Because of the heterogeneity in patient characteristics among the mCVG and bCVG groups, propensity
score matching (PSM) was used to adjust for baseline differences and reduce confounding. The probability
of being assigned to different surgical treatments was calculated from demographic and preoperative
patients’ characteristics; the most clinically important variables were then entered into the PSM model.

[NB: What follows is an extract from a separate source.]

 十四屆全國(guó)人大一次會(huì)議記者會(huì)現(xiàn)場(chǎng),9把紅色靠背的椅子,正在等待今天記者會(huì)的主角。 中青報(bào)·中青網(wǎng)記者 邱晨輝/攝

Selected variables were age, family history of aortic disease, hypertension, diabetes, urgent/emergency
procedure, previous open-heart surgery, dissection at presentation, aneurysm size, connective tissue
disorders, and the New York Heart Association (NYHA) class. These covariates were used to compare both
surgical techniques by logistic regression algorithm in 1-1 PSM. The nearest neighbor matching algorithm
without replacement and a caliper size of 0.10 was used. Propensity matching models were assessed using
balance diagnostics and standardized mean differences (SMD), with SMD < 0.10 reflecting a proper balance
between groups.
Data were stored using Microsoft Access 2010 (Microsoft) and analyzed using R version 3.6.2 (R
Foundation for Statistical Computing) within RStudio. Tableone, Survival, Survminer, and MatchIt were
used.
RESULTS
From May 1997 to December 2019, 1,210 patients underwent aortic valve and root replacement with a
Bentall-De Bono operation at our institution. Of these, 798 (65.9%) received a bCVG, while 412 (34.1%)
received a mCVG. Among those who received a bCVG, 759 (95.1%) had a bovine valve, while 39 (4.9%) had
a porcine prosthesis. The mean follow-up time was 6.64 ± 0.21 years.
Baseline characteristics
Compared to patients with bCVG, those with mCVG were younger (P < 0.001), with a positive family
history of aortic disease (P = 0.007). Patients with mCVG had a higher prevalence of connective tissue
disorders (P < 0.001) and were more likely to have undergone previous open-heart surgery (P < 0.001). They
were also more likely to undergo urgent or emergent procedure (P < 0.001). Patients with bCVG were older,
with a higher prevalence of hypertension (P < 0.001) and diabetes (P = 0.03). They were also more likely to
present with a worse NYHA functional class (P < 0.001). Details of the preoperative variables are
summarized in Table 1.
Intraoperative characteristics
At surgery, deep hypothermic circulatory arrest was more frequently used in patients with mCVG
(P < 0.001). This group also had longer cardiopulmonary bypass time (P < 0.001) and cardio-ischemic
(circulatory arrest + aortic cross-clamp) time (P < 0.001). Details of the intraoperative data are available in
Table 2.
In-hospital outcomes
Overall, operative mortality was 0.7%, with no significant difference between groups (0.4% for bCVG vs.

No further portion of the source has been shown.